Архангельскiе поморы - [8]

Шрифт
Интервал

* * *

Утромъ, еще до разсвѣта, поднялись промышленники, огонекъ развели и начали собираться на охоту; ружья заряжали, топоры да ножи подтачивали. Потомъ всѣ усѣлись въ кружокъ около котелка съ гречневой кашей; пригласили было и Антона, да вспомнили, что человѣкъ пошевелиться не можетъ, — достали лишнюю чашку, наложили каши и подали больному.

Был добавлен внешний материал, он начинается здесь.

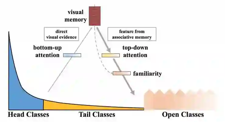 首先,我们通过聚集源自头部类别和尾部类别的知识获得了视觉记忆;然后将存储在内存中的视觉概念当作关联的记忆特征重新注入,以增强原来的直接特征。我们可以将其理解为利用诱导知识(即记忆特征)来帮助实现直接观察(即直接特征)。我们进一步学习了一个概念选择器来控制所要注入的记忆特征的数量和类型。由于头部类别知识已经获得了丰富的直接观察,所以它们只被注入了少量的记忆特征。相反,尾部类别获得的观察很少,于是记忆特征里的关联视觉概念就非常有用。最后,我们通过计算出获得视觉记忆的可达性,来调整开放类别的可信度。
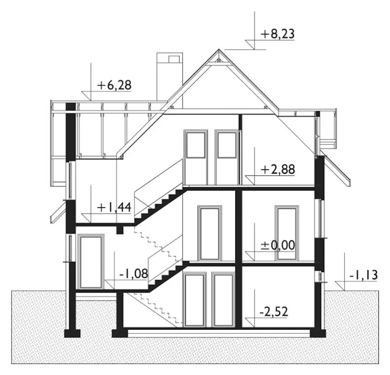 - przekroje - pokazują wszystkie elementy budynku po przecięciu go wzdłuż lub w poprzek od dachu do fundamentów tj. warstwy podłogi, stropów i dachu
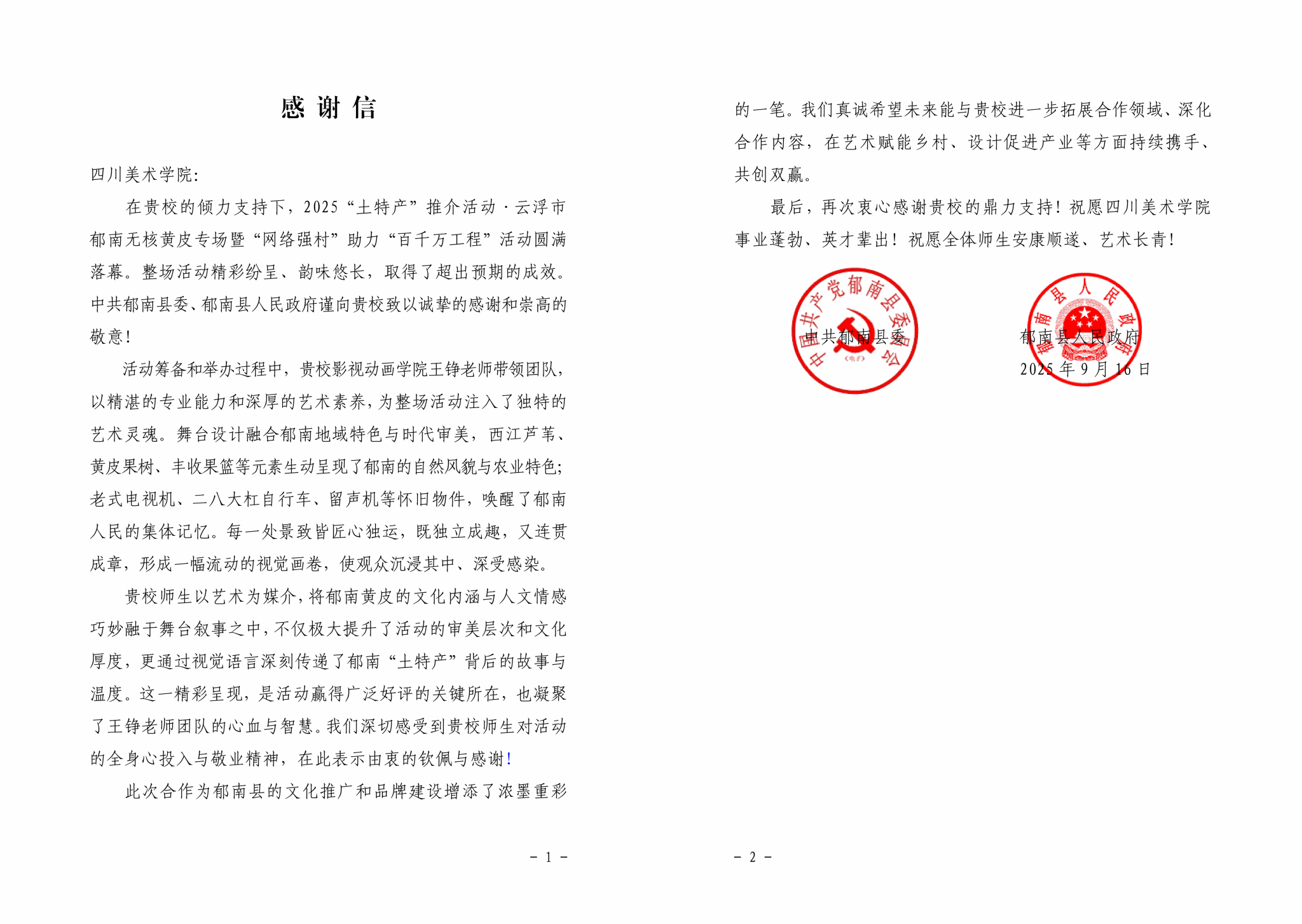 近日,中共广东省云浮市郁南县委、广东省云浮市郁南县人民政府向我校发来感谢信,对我校师生团队在2025“土特产”推介活动·云浮市郁南无核黄皮专场暨“网络强村”助力“百千万工程”活动中作出的贡献表示感谢。同时期待未来与我校进一步拓展合作领域、深化合作内容,在艺术赋能乡村、设计促进产业等方面持续携手、共创双赢。
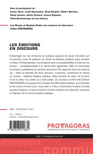 S'interroger sur les émotions en politique suppose de poser d'emblée qu'il ne saurait y avoir de politique, et même de décision politique, sans émotion ni affect. Omniprésentes, les émotions sont consubstantielles à l'exercice du pouvoir ; consubstantielles à la démocratie également. Elles en traversent la pratique quotidienne et viennent structurer les rapports entre les acteurs qui habitent l'espace politique. Elles donnent du sens, de la force et de la valeur aux actes qui y sont posés. Ce nouveau numéro des Cahiers PROTAGORAS se propose d'en analyser les différentes facettes, les impensés et les zones d'ombre pour nous aider à mieux comprendre la place cruciale que les émotions, en tant qu'outil et comme matériaux du discours, occupent à l'intérieur de la communication politique.
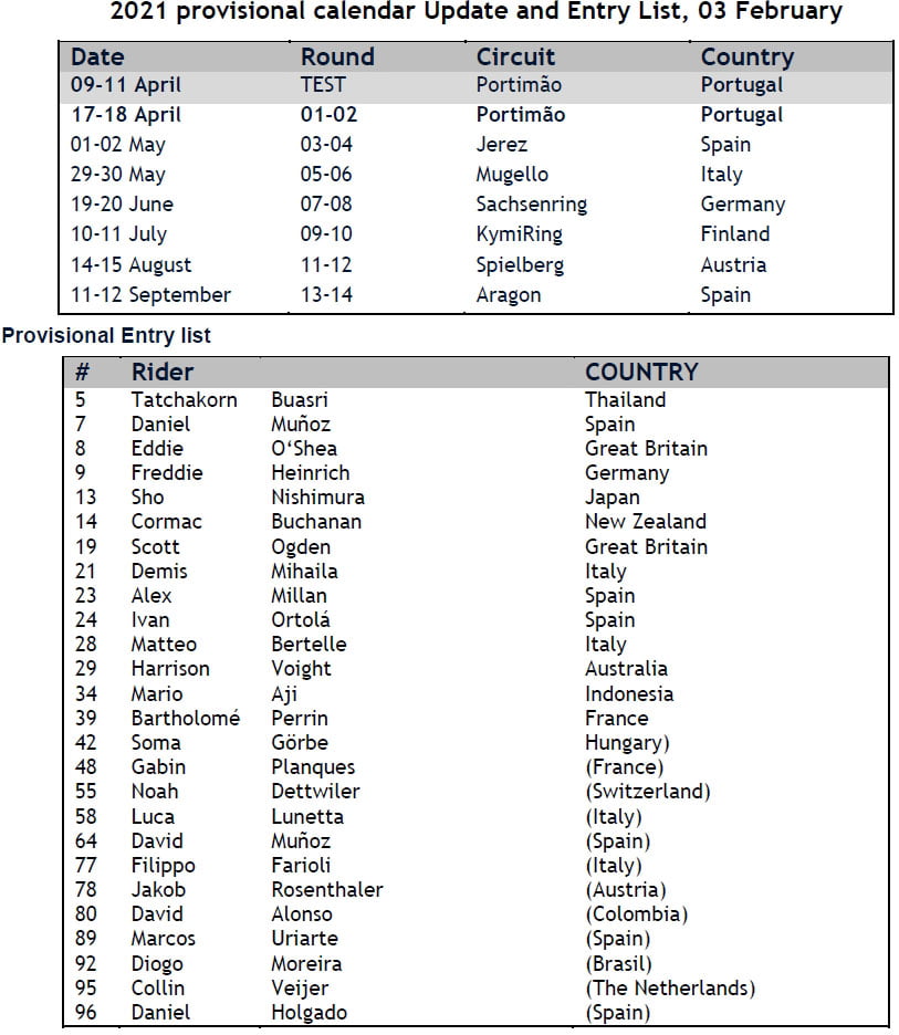 Le premier rendez-vous aura lieu du 9 au 11 avril à Portimão et, si l’on considère le classement de la saison 2020 remportée par Pedro Acosta qui roulera en mondial chez Red Bull KTM Ajo cette année, les frères Muñoz, David et Daniel, seront de sérieux candidats au titre, ayant terminé respectivement 2e et 7e en 2020 !
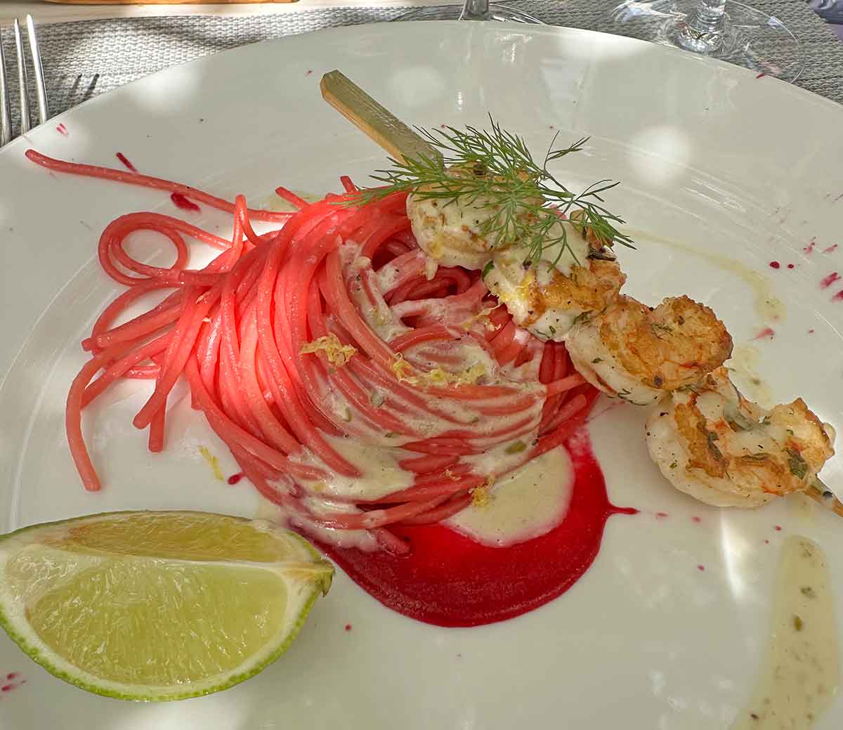 Zweiter Gang: gegrillte Garnelen auf roten Spaghetti
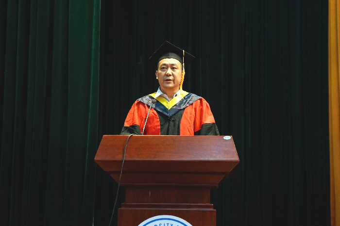院长王志华代表学院向顺利毕业、意气风发的毕业生们送上热烈的祝贺并发表讲话。他回顾了毕业生们在德智体美劳等方面取得的可喜成绩,希望广大毕业生能够不断增强志气、底气和锐气,志存高远、心怀大爱,坚定不移听党话、跟党走,做爱国主义的坚守者和弘扬者,做永不生锈的螺丝钉,以自觉行动报效祖国、回馈社会、服务人民。最后,他向同学们赠言:“愿你们心中有梦,眼里有光,机械学院永远是大家心灵的港湾,常回家看看!”
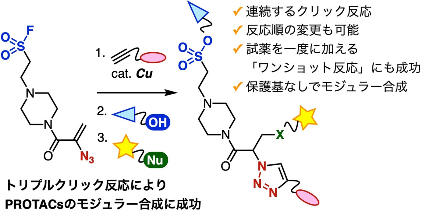 連続クリック反応でPROTACの効率的合成に成功 ~3種類の機能性分子の迅速な集積を実証、創薬研究の加速に期待~
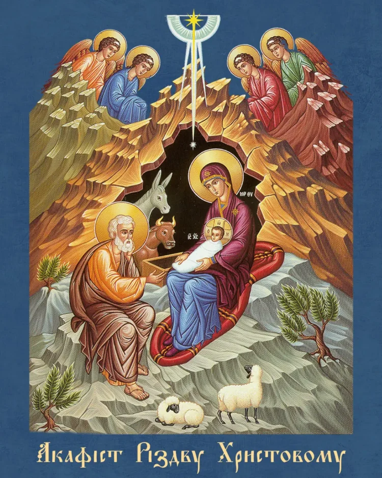 Име́яй престо́л не́бо и подно́жие зе́млю ме́ста ни еди́на обре́те во оби́тели, те́мже Чи́стая Де́ва, Ма́ти Твоя́, сокрыва́ет Тя от хла́да нощна́го в худе́м верте́пе и во я́слех ско́тиих полага́ет Тя, Сокро́вище го́рняго ми́ра и Зижди́теля вся́ческих. Дивя́щеся милосе́рдию Твоему́, си́це Тебе́ зове́м:
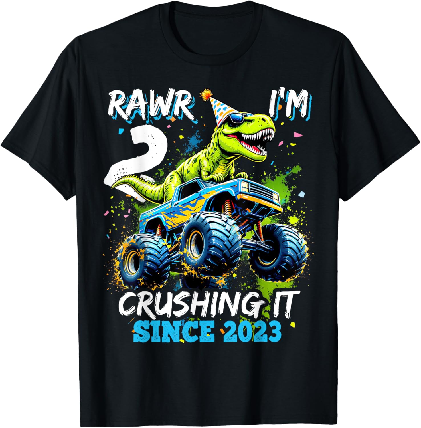 2nd Birthday Monster Truck Dinosaur Party Boys Rawr I'm 2 T-Shirt
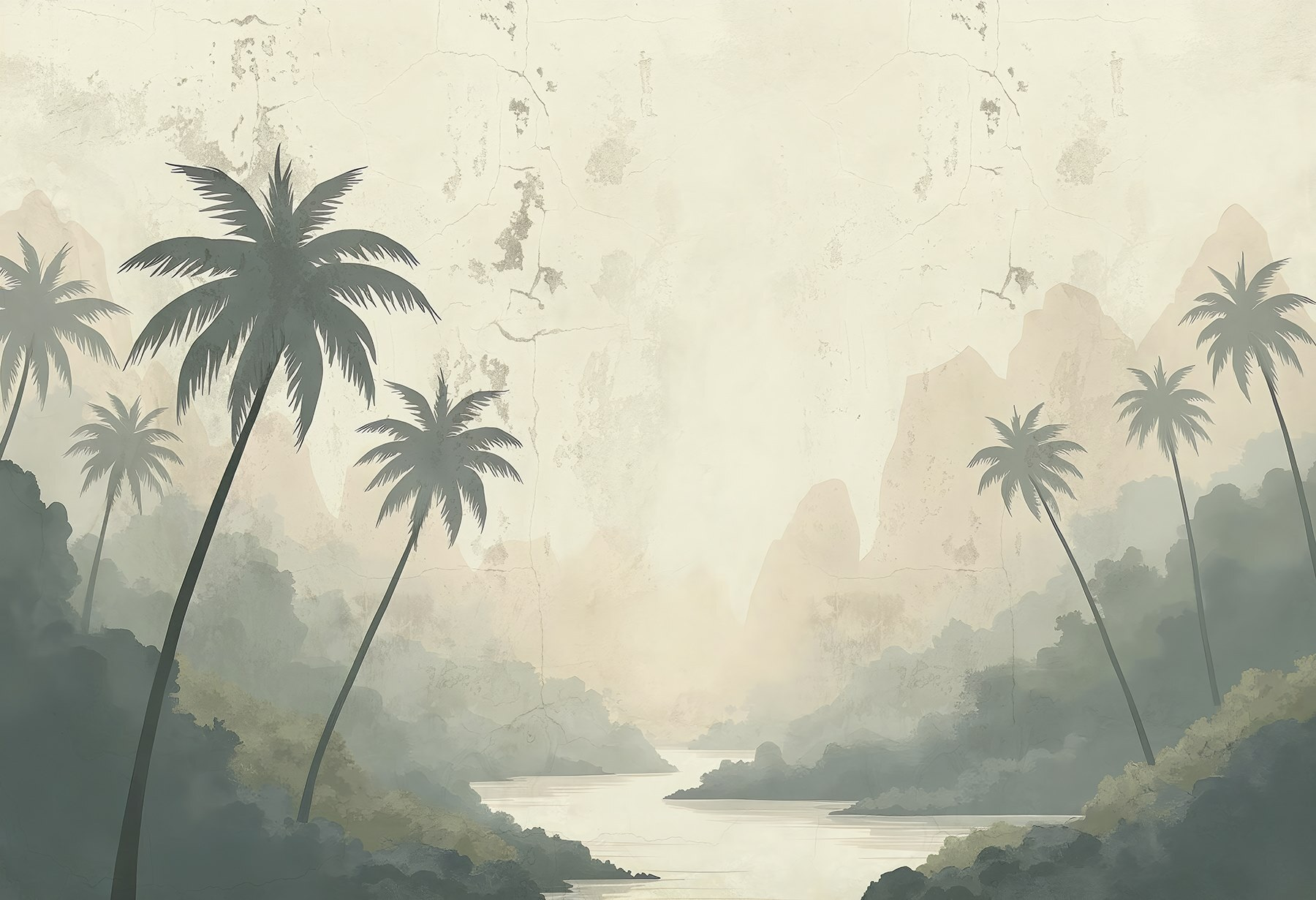 Transformar uma sala num refúgio sereno é tão fácil como este deslumbrante mural de parede de um rio rodeado por árvores de sonho e montanhas majestosas. Imagine chegar a casa depois de um longo dia, afundar-se na sua cadeira confortável e sentir-se como se tivesse sido transportado para um pacífico paraíso tropical. As cores suaves evocam a luz suave da manhã, sussurrando promessas de calma. Perfeito para um recanto acolhedor ou para uma parede de destaque, este mural convida a sonhar acordados com aventuras distantes. Quem não quer uma fatia da natureza mesmo em casa? Acrescenta profundidade, carácter e uma pitada de desejo de viajar a qualquer espaço – um pequeno pedaço da natureza, mesmo ao alcance da mão.
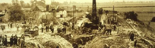 In June 1944, a train carrying approximately 400 tons of American high explosive bombs passed through the small village of Soham in Cambridgeshire. The driver noticed that the lead wagon, which was carrying approximately 10 tons of bombs, was on fire.
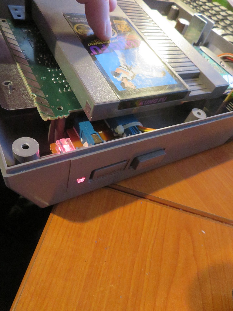 A check is done here again to see if the cartridge inserts without issues and the NES boots up a game.
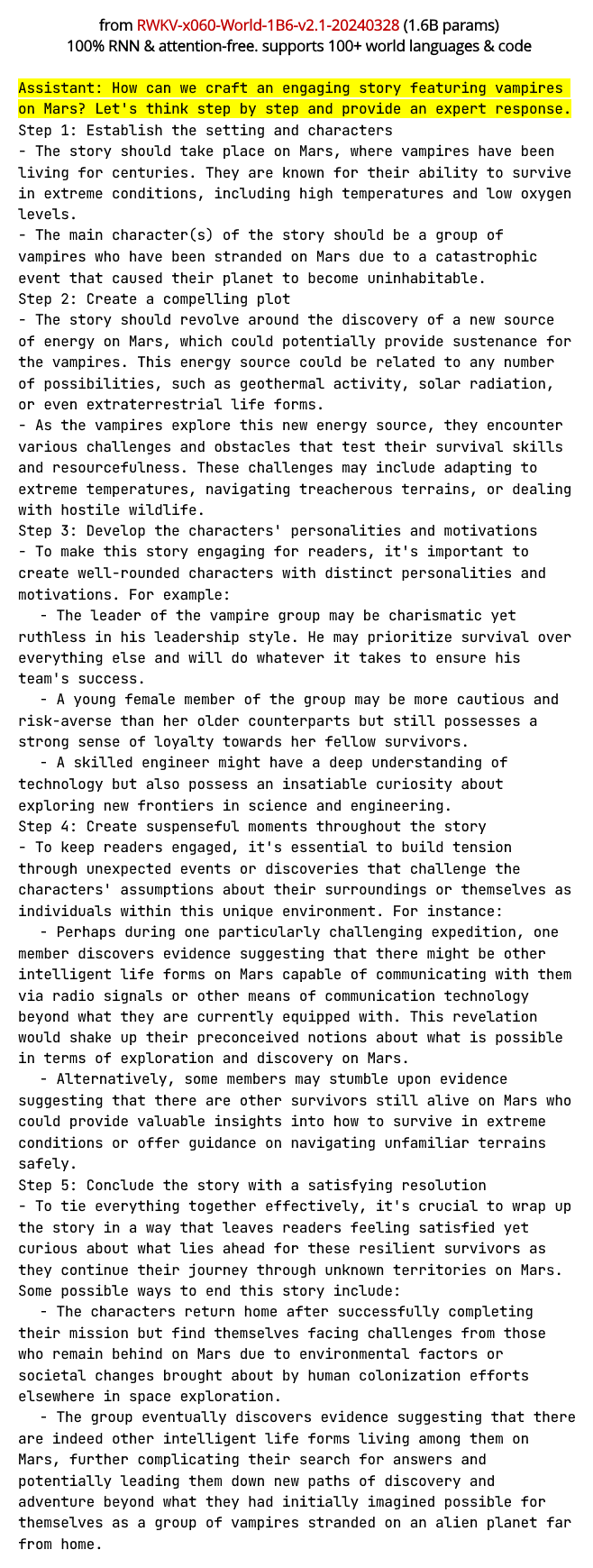 2024 年 3 月 29 日,RWKV 开源基金会宣布正式向全球开源 RWKV-6 1.6B(2.5T Tokens)模型。
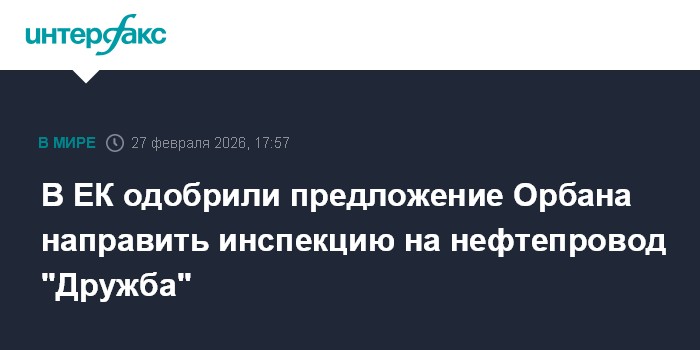 Москва. 27 февраля. INTERFAX.RU - В Еврокомиссии приветствовали инициативу премьер-министра Венгрии Виктора Орбана направить на Украину миссию, которая ознакомится с состоянием ремонтных работ на поврежденном нефтепроводе "Дружба".

— А зависть меня, братцы, беретъ, на васъ глядя, — говорилъ Антонъ.

— Что же такъ?

— Да какъ же! Вотъ поѣдите вы теперь и на охоту отправитесь. Хотѣлось бы и мнѣ съ вами да не могу — руки и ноги привязаны.

— Ишь, нашелъ чему позавидовать! Ну, да ладно, потерпи маленько, — поправишься вотъ ужо…

— Да когда еще поправлюсь-то? Этакъ, чего добраго, и долго еще проваляешься…

— Небось, не долго… потерпи, говорятъ.

Позавтракали промышленники и отправились на охоту. Антонъ остался одинъ. Долго лежалъ онъ, наконецъ попробовалъ встать. Спустилъ одну ногу, другую, привсталъ немного… Нѣтъ, не можетъ держаться на ногахъ — слабъ очень; и рука ноетъ, страшно ноетъ. Развязалъ онъ ее, смотритъ — ранка препорядочная, — камнемъ, должно быть, острымъ разрѣзало.

Долго, нескончаемо долго, тянулось время для Антона; лежалъ онъ, лежалъ — скука страшная. Пробовалъ заснуть, — не могъ: не идетъ сонъ да и только. А огонекъ на каменкѣ въ это время совсѣмъ догорѣлъ — погасъ; надо бы еще дровъ подложить, да встать-то нельзя… Эхъ, горе, горе…

Вернулись промышленники ужь поздно вечеромъ, усталые, голодные, недовольные охотой.

— Эхъ, понесла насъ нелегкая! — говорили они. — Всего-на-все только двухъ тюленей и добыли. Нешто это охота? Лучше бы и совсѣмъ не ходить…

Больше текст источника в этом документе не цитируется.